Copy out the entries exactly, and wherever a picture appears, leave it out.

--- Provided data ---

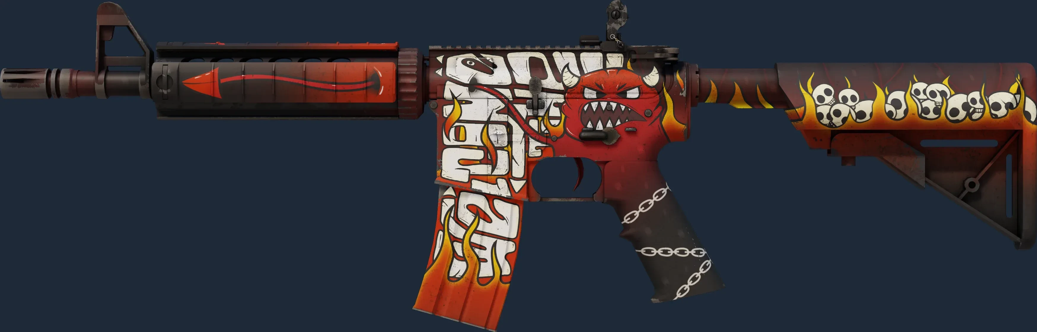 The M4A4 | Hellfire is a Covert grade skin for the M4A4 in Counter-Strike 2. It features a Custom Paint Job finish and was designed by SHPR.
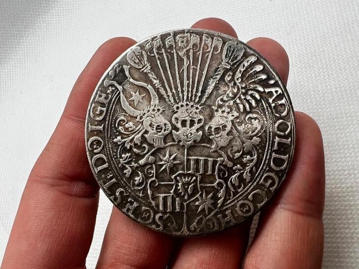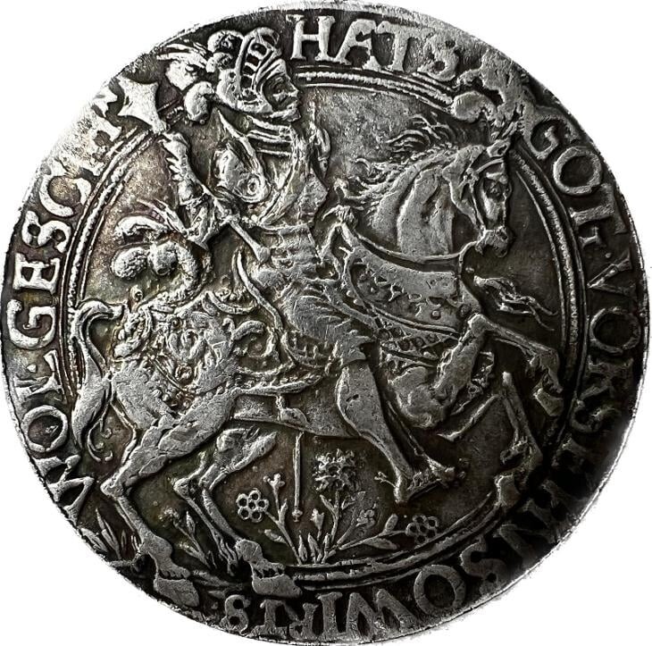 Sul retro, la medaglia e finemente adornata con elementi araldici, con stemmi dettagliati e simboli di lignaggi nobili. Cio significa non solo la sua funzione di moneta, ma anche di rappresentazione del potere politico e familiare. Storicamente, le T?íreichstalery originali furono coniate in quantita limitate durante il XVII secolo, servendo come monete prestigiose circolate tra l'elite o offerte come regali in contesti diplomatici.
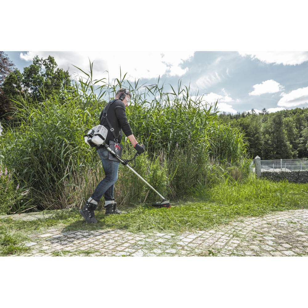 Tento krovinorez s veľmi výkonným dvojtaktným motorom s výkonom 1,9 kW najnovšej generácie poskytuje dostatok výkonu. To znamená, že môžete prejsť v akomkoľvek teréne - či už na veľkých trávnikoch, vo vysokej tráve, na živých plotoch alebo v podraste.
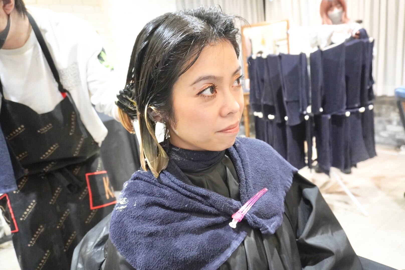 同時に部分ブリーチにてグリーン系のカラーを入れました!
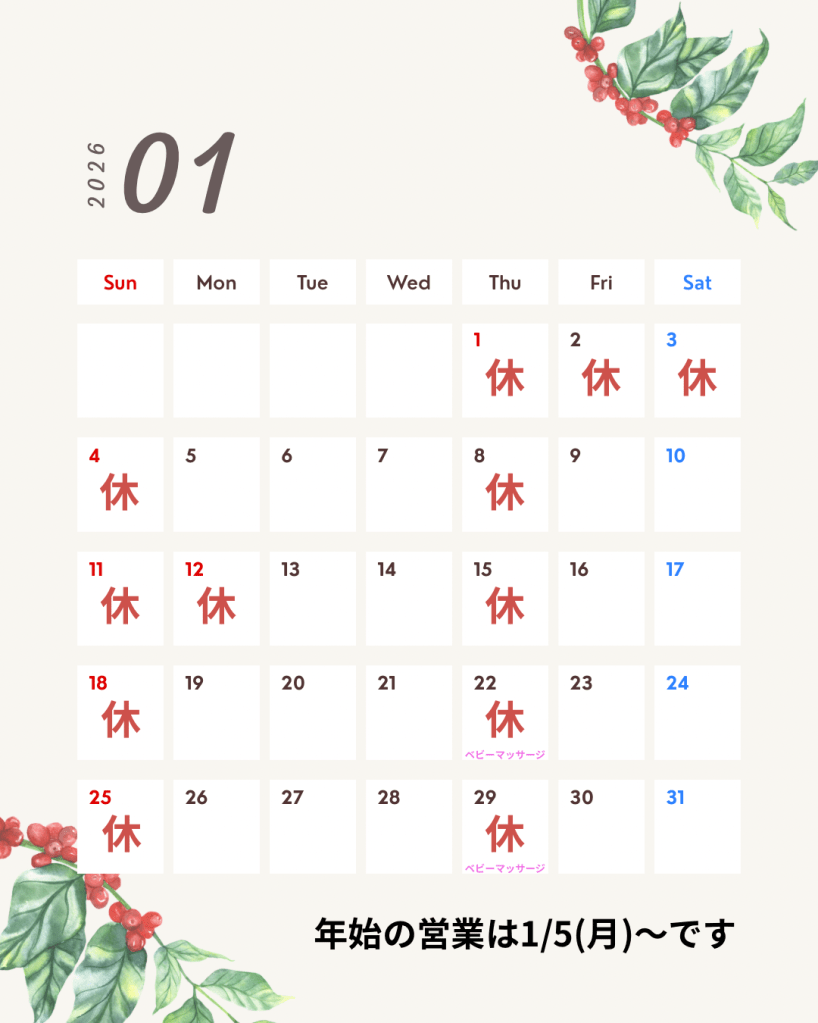 さて、年末年始のおやすみは12/30〜1/4となつまております。年始は1/5(月)からの営業です。

---

## Answer to the problem
 The M4A4 | Hellfire is a Covert grade skin for the M4A4 in Counter-Strike 2. It features a Custom Paint Job finish and was designed by SHPR.
 Sul retro, la medaglia e finemente adornata con elementi araldici, con stemmi dettagliati e simboli di lignaggi nobili. Cio significa non solo la sua funzione di moneta, ma anche di rappresentazione del potere politico e familiare. Storicamente, le T?íreichstalery originali furono coniate in quantita limitate durante il XVII secolo, servendo come monete prestigiose circolate tra l'elite o offerte come regali in contesti diplomatici.
 Tento krovinorez s veľmi výkonným dvojtaktným motorom s výkonom 1,9 kW najnovšej generácie poskytuje dostatok výkonu. To znamená, že môžete prejsť v akomkoľvek teréne - či už na veľkých trávnikoch, vo vysokej tráve, na živých plotoch alebo v podraste.
 同時に部分ブリーチにてグリーン系のカラーを入れました!
 さて、年末年始のおやすみは12/30〜1/4となつまております。年始は1/5(月)からの営業です。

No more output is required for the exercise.